LISTED ENTRIES =>
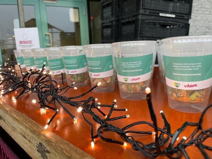 Het is nog steeds een zware tijd voor de zorgmedewerkers. Onze opdrachtgever Coöperatie VGZ wil hen daarom steunen en bedanken door een smakelijke oppepper aan te bieden. En daarvoor hebben ze de samenwerking met Vitam opgezocht.
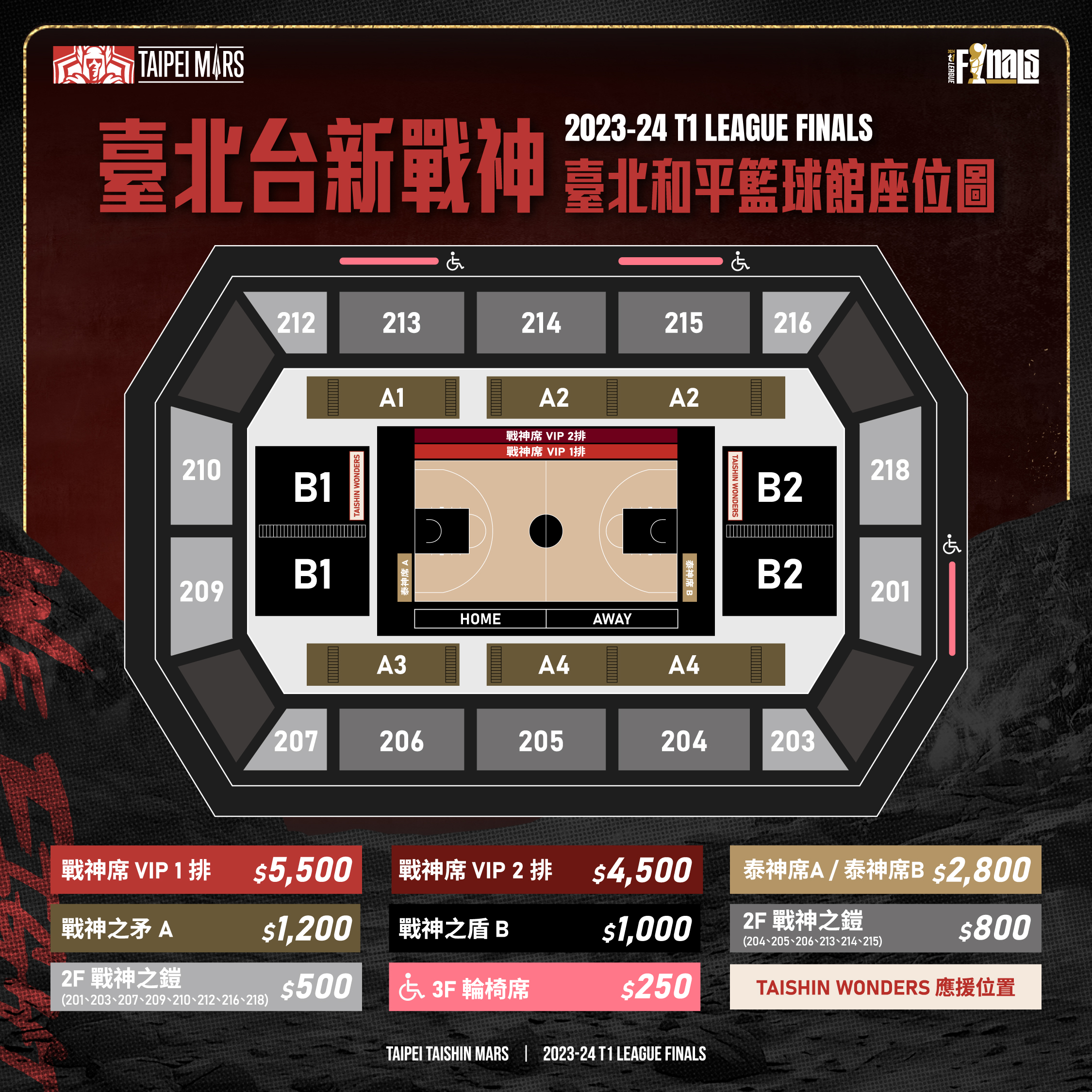 ▲臺北台新戰神總冠軍賽主場將於臺北和平籃球館舉行,票價與座位如圖。(圖/臺北戰神提供)
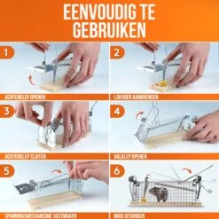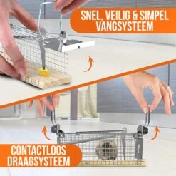 Deze set bevat 2 diervriendelijke muizenvallen. Deze diervriendelijke muizenval is de perfecte oplossing voor iedereen die geen gif wilt gebruiken en op een humane manier van de muizen af wil.
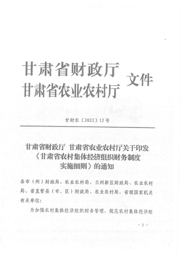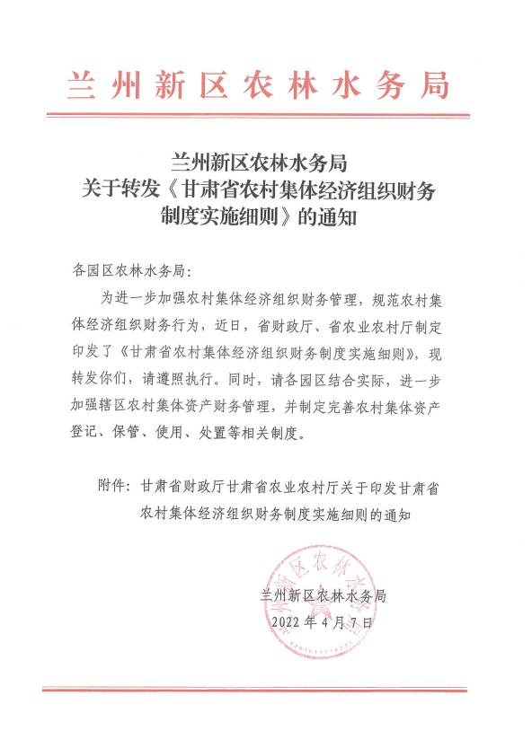 关于转发《甘肃省农村集体经济组织财务制度实施细则》的通知-捕鱼网
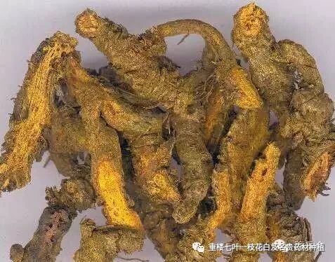 黄连——株高15-25厘米。根状茎黄色,常分枝成簇生状,形如鸡爪,节多而密,生多数须很。复叶基生,叶片卵状三角形,3-5全裂,裂片再作羽状深裂。春季开黄绿色花,2歧或多歧聚伞花序,有花3-8朵。春末夏初结果。种子长椭圆形,褐色。 根状茎用作中药时有泻火解毒,清热燥湿功效,可治时行热毒、高热烦躁、泄泻痢疾、口疮、痈疽疔毒等症。药理试验证明,有抑菌及抗病毒、抗原虫作用,并能降低血压,扩张冠状动脉。黄连含小檗碱、黄连碱等多种生物碱,另含黄柏酮、黄柏内酯等成分。
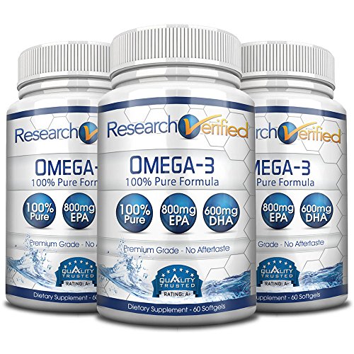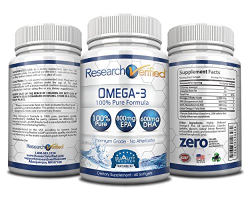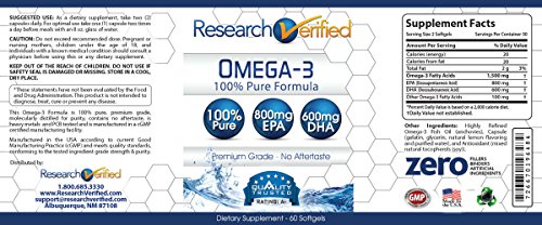 Research Verified 100% Pure Premium Omega-3 Supplement is sourced from the Highest Quality Fish Oil. Each capsule contains 400mg of EPA (eicosapentanois acid) and 300mg of DHA (docosahexanoic acid), which is a total amount of 750mg of Omega-3 Fatty Acids, 100% pure and non-synthetic. The extracts and amounts proven by clinical research to achieve the best health effects. 60 capsules which are 100% pure.
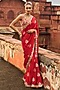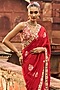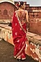 Featuring a red pre-draped saree in brocade base with handwork, stone, zari and thread embroidery. It is paired with a satin blouse. Perfect for a wedding or engagement ceremony.

WORK TO BE COMPLETED =>
With the pictures set aside, return each line of the listing exactly as given.

SOLUTION =>
 Het is nog steeds een zware tijd voor de zorgmedewerkers. Onze opdrachtgever Coöperatie VGZ wil hen daarom steunen en bedanken door een smakelijke oppepper aan te bieden. En daarvoor hebben ze de samenwerking met Vitam opgezocht.
 ▲臺北台新戰神總冠軍賽主場將於臺北和平籃球館舉行,票價與座位如圖。(圖/臺北戰神提供)
 Deze set bevat 2 diervriendelijke muizenvallen. Deze diervriendelijke muizenval is de perfecte oplossing voor iedereen die geen gif wilt gebruiken en op een humane manier van de muizen af wil.
 关于转发《甘肃省农村集体经济组织财务制度实施细则》的通知-捕鱼网
 黄连——株高15-25厘米。根状茎黄色,常分枝成簇生状,形如鸡爪,节多而密,生多数须很。复叶基生,叶片卵状三角形,3-5全裂,裂片再作羽状深裂。春季开黄绿色花,2歧或多歧聚伞花序,有花3-8朵。春末夏初结果。种子长椭圆形,褐色。 根状茎用作中药时有泻火解毒,清热燥湿功效,可治时行热毒、高热烦躁、泄泻痢疾、口疮、痈疽疔毒等症。药理试验证明,有抑菌及抗病毒、抗原虫作用,并能降低血压,扩张冠状动脉。黄连含小檗碱、黄连碱等多种生物碱,另含黄柏酮、黄柏内酯等成分。
 Research Verified 100% Pure Premium Omega-3 Supplement is sourced from the Highest Quality Fish Oil. Each capsule contains 400mg of EPA (eicosapentanois acid) and 300mg of DHA (docosahexanoic acid), which is a total amount of 750mg of Omega-3 Fatty Acids, 100% pure and non-synthetic. The extracts and amounts proven by clinical research to achieve the best health effects. 60 capsules which are 100% pure.
 Featuring a red pre-draped saree in brocade base with handwork, stone, zari and thread embroidery. It is paired with a satin blouse. Perfect for a wedding or engagement ceremony.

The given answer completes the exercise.